Thursday, November 25, 2010

Udaipur , Day 9

Udaipur, in the state of Rajasthan, is the former historical capital of the Kingdom of Mewar. Jaipur is now the State capital. Udaipur is known as the city of lakes and is called the "Venice of the East". It is known for its Rajput era palaces, many of which have been converted into luxury hotels.

We arrived at the hotel I chose....turns out it was the former hunting lodge of the current royal family of Rajasthan. The current king or Maharani, owns a ton of properties all over the area. When India became an independent country, the Maharajas of all the states didn't do much but cede power to the new government. They had to give up some of their very expansive lands but managed to keep their palaces and other very prime properties. Some of these are open to the public who are charged admission....all the revenue goes into the royal coffers. This is true for every state in India. The kings of some states are better than others and give back to help the people....others don't. There are no state or country rules that force them to share their revenues and they are taxed a very low, flat rate. Parts of many of the palaces have been turned into hotels and are considered heritage properties. This particular king is not known to be the most generous and the road to this particular property needs major repairs.
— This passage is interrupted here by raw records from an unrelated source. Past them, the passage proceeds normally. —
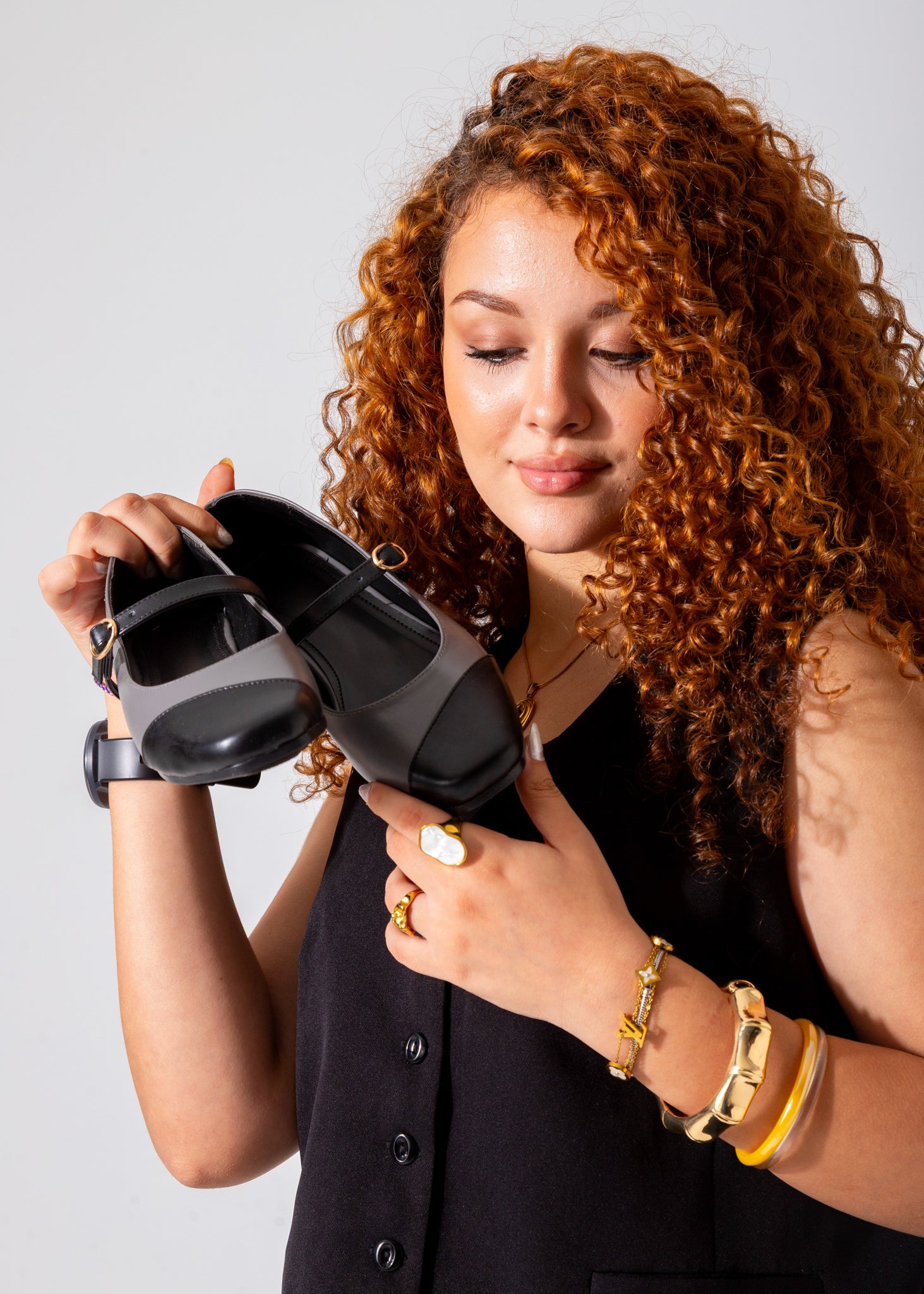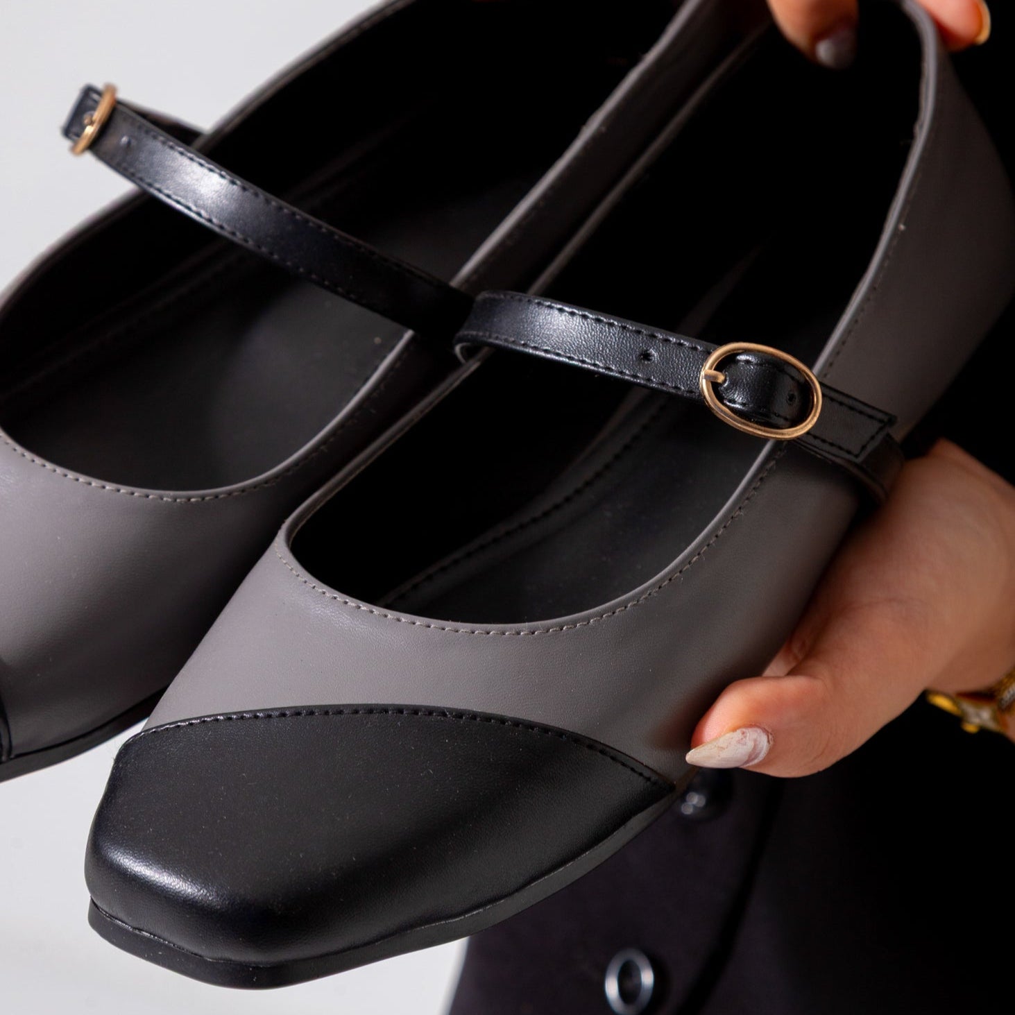 These Two-Tone Strappy Flats in gray combine minimalist design with versatile comfort. Featuring adjustable straps for a secure fit, they offer unobtrusive support ideal for daily wear. The flat sole ensures ease of movement while maintaining a sleek, modern aesthetic suitable for various occasions. Crafted for practicality and style, these flats are a reliable choice for those seeking understated elegance.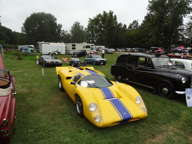 My Triking was placed in the post - 1980 "others" category, meaning cars out of the mainstream. We were located in the far corner of the grounds. There were only three cars in my category - my Triking, a DeLorean, and an Austin Allegro, which I'd never heard of before (not sure why the Lola wasn't in my category, but I'm glad it wasn't). The DeLorean got quite a bit of attention, mostly from kids because of "Back to the Future", my Triking also got some attention, but I was surprised how much attention the Allegro got, considering it's a very nondescript car. Looked it up on Wikipedia, and discovered that it was/is famous for being a lemon. Also discovered on Wikipedia that the DeLorean only has 40 more HP than my 90 HP Triking, but weighs 3X as much.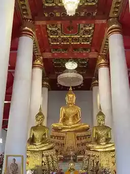 Inside the main chapel, the temple houses Phra Buddha Kasattrathirat in the Mara Vichai posture. This is one of Ayutthaya's revered sites where visitors often come to pray for kindness, popularity, and career success. Additionally, worshippers can drape cloth over Phra Buddha Chana Mara to enhance their fortune. The temple also features many other sacred objects for worship.
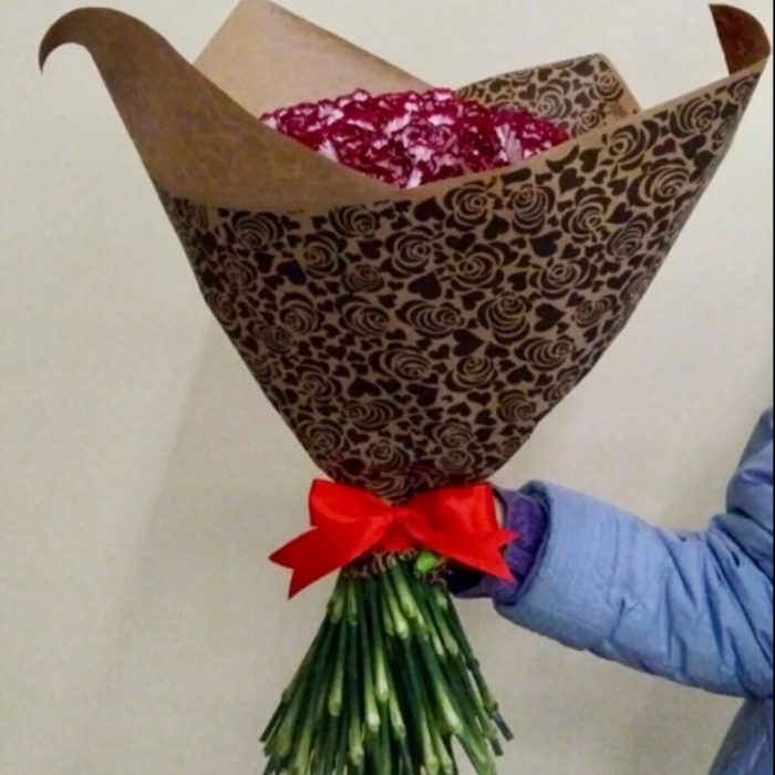Букет из 75 Гвоздик бордо в крафте

It is said that his son is better.

Back to the hotel....the current king turned this property into a preserve and a working farm. There are deer, peacocks, chickens, cows, etc. He also breeds polo ponies. We got to see some week old foals and the rest of his horses.
I got a private tour! The paddocks were right by where we checked in and I had walked over to where some of the horses were. I went to befriend some of them and they could see that I knew how to handle them. ( I use to own a horse). That was when I was offered a private tour of the stables. My husband says I had this huge grin on my face. I was happy as a pig in shit!  Dinner was quite good and again the staff went out of their way to make sure I had something to eat that I would like. I have found that I totally detest cilantro. It is in almost everything so I now ask that they leave the leaves out. We slept well.

Ned and our guide
Our guide met us the next morning and a new adventure started. Udaipur is a very colorful and busy city. As usual the honking of horns is the overriding sound everywhere. You start to get used to it after a while. We had a good and knowledgeable guide who was also very friendly. We hit some of the historical forts and palaces and you cannot but stand in awe of some of the engineering feats, especially for the times. Security from warring states was always a top priority and cities were built for safety. There was usually an outer wall with gates, a moat, and an inner wall. The gates in the inner city were only 1 elephant wide. The huge wooden doors had spikes on them at man head hight sitting on an elephant. The palaces were usually built over several hundred years so additions were everywhere. There were the kings private quarters, his queens chambers, and an area for his harem. The king was only allowed one wife, although in years of Muslim rule, the Muslim rulers were allowed 3. You can see Mogul influence all over Rajasthan, but they were predominantly Hindu. Every where you go there are small and large temples dedicated to the Hindu gods. Ganesh is all over the place....he is kind of cute. Our first stop was the Sas Bahu temple. These 2 temples were constructed in the 10th century and dedicated to Lord Vishnu. There are 2 temples here and they are known as the mother-in-law and daughter-in-law temples because of their close proximity to each other as they would be in a typical Indian household. These are very elaborately carved and decorated.

local corner store

The countryside is mainly agricultural and the climate is tropical. Farming is mostly done by hand here as well although the larger tracts of land are prepared with a tractor. Harvesting of sugar cane and summer crops is going on now and they are starting to replant the fields with winter crops. Until this past year, India was in a drought but they had a good monsoon season....we have been having some unusual rainy weather the past few weeks and that is both good and bad. The farmers collect the left over corn, sorghum, and sugar cane stalks to feed their cattle..they need it to dry out or it gets ruined. The women seem to do most of the work! There is very little protection from the elements. As I  mentioned earlier, living is pretty much out of doors. It is warm in the winter. It was down in the 70's and the locals were all bundled up in their blankets! I thought I was the only one who thought it was cold when the temp dropped below 80, haha.    

Our next stop was the City Palace. There has been some extensive restoration done here and you can see the opulence and beautiful inlays and painting. Please see the album at top right for a lot more pictures.  We started our minor shopping spree late this afternoon :-).  Dinner was lovely back at the lodge, again with the kitchen staff doing their best to accommodate my pain in the ass palate.